The lines to repeat are those below from the one containing "이어서 인정소득입니다. 증빙소득" down to the one containing "上海知识产权交易中心副总经理", both included; reproduce them exactly and nothing else.

_Data for the task_:
= = = = =

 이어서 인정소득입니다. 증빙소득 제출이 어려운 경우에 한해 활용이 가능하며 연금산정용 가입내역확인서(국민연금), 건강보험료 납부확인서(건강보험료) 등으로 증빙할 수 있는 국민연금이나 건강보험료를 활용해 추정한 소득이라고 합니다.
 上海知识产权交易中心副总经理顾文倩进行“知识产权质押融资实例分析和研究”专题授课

= = = = =

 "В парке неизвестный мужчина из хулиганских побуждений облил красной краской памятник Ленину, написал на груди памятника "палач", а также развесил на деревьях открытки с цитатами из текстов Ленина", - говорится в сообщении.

= = = = =

_Result for this task_:
 이어서 인정소득입니다. 증빙소득 제출이 어려운 경우에 한해 활용이 가능하며 연금산정용 가입내역확인서(국민연금), 건강보험료 납부확인서(건강보험료) 등으로 증빙할 수 있는 국민연금이나 건강보험료를 활용해 추정한 소득이라고 합니다.
 上海知识产权交易中心副总经理顾文倩进行“知识产权质押融资实例分析和研究”专题授课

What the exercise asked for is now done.